(Records drawn from a dataset)
------------------------------------------------------------------------

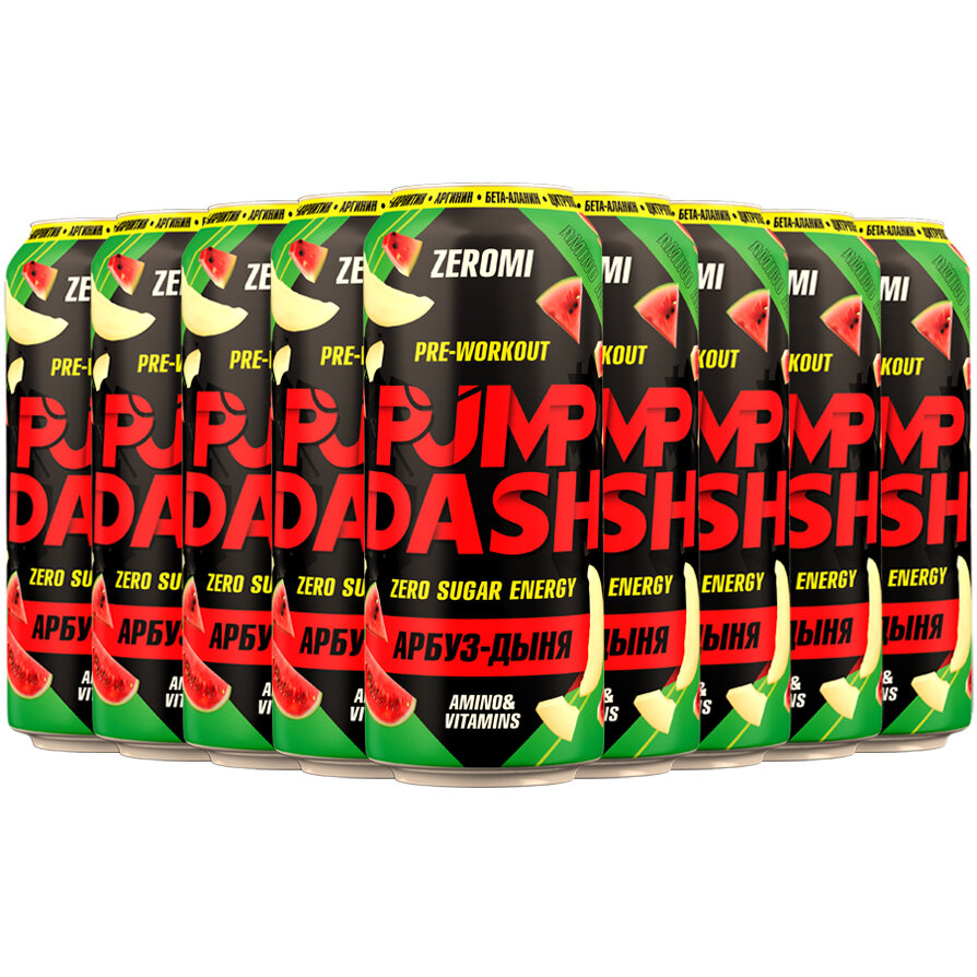10 цен на Энергетик спортивный Zeromi Pre-Workout Pump Dash, 12 шт х 500 мл, арбуз-дыня
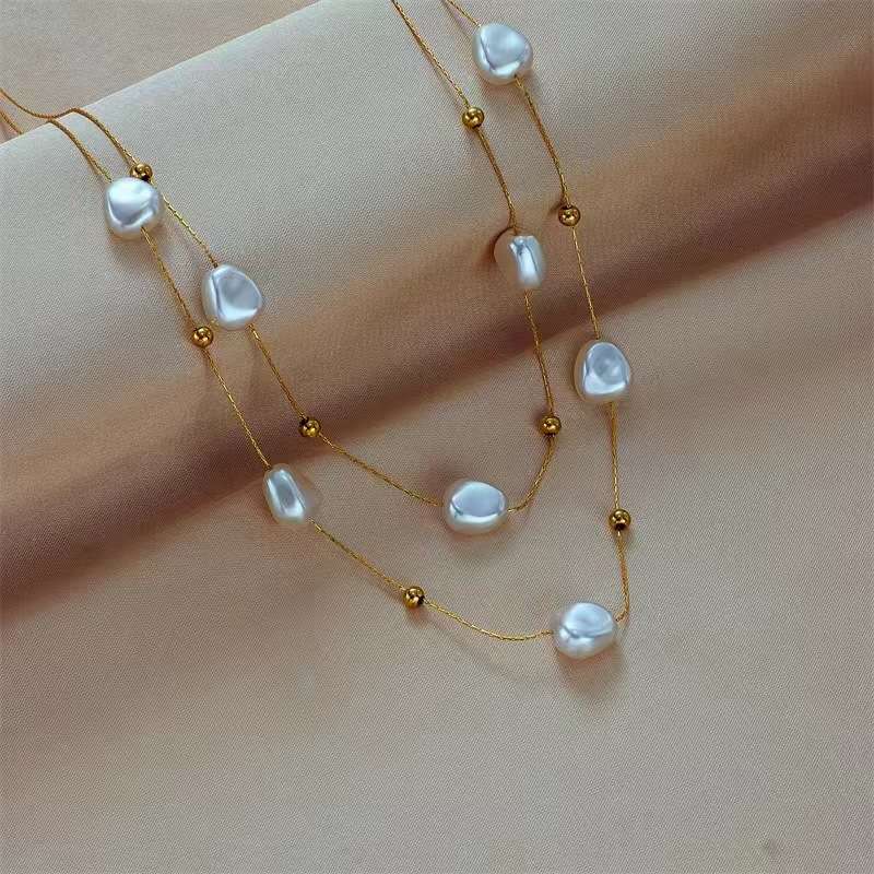 Retro Barroco Perla Irregular Doble Capa Cadena de Acero Inoxidable Mujeres
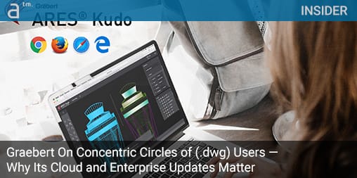 Graebert’s cloud technology, known as ARES Kudo, and its Trinity licensing approach are proving very valuable to enterprise-level customers; and among such customers, in particular, Graebert is seeing a clear trend of concentric circles of (.dwg) users, each with its own requirements for engaging with CAD data.
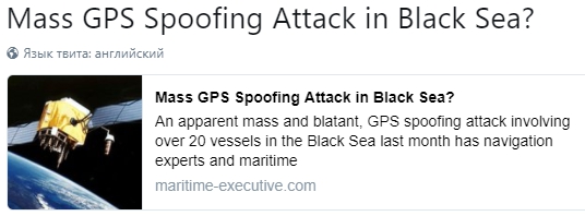 «Приборы GPS периодически не могут получить GPS-сигнал по мере приближения к берегам Новороссийска (Россия). На данный момент зафиксирован показатель снижения точности определения положения в горизонтальной плоскости (HDOP) на отметке 0.8 в пределах 100 м., при этом заданное местоположение фактически находится в 25 морских милях отсюда; ...Я подтверждаю, что все корабли в этой зоне (более 20) столкнулись с такой же проблемой».
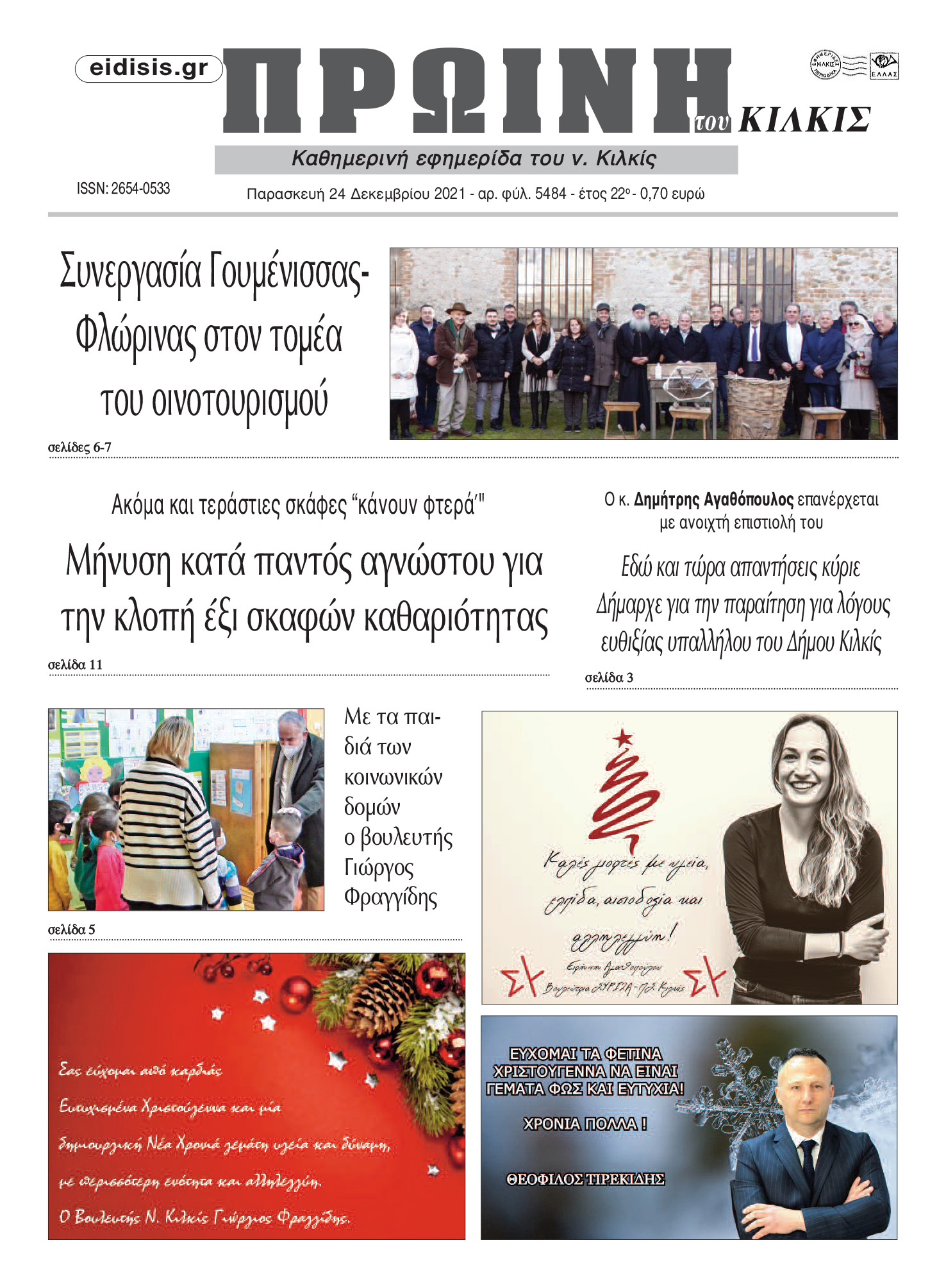 Διαβάστε το νέο πρωτοσέλιδο της Πρωινής του Κιλκίς, μοναδικής καθημερινής εφημερίδας του ν. Κιλκίς (24-12-2021)

------------------------------------------------------------------------

Exercise brief: Exact repeats of the lines from the first one in the data through the line containing "Retro Barroco Perla" make up the answer. Pictures do not.

Response box:
10 цен на Энергетик спортивный Zeromi Pre-Workout Pump Dash, 12 шт х 500 мл, арбуз-дыня
 Retro Barroco Perla Irregular Doble Capa Cadena de Acero Inoxidable Mujeres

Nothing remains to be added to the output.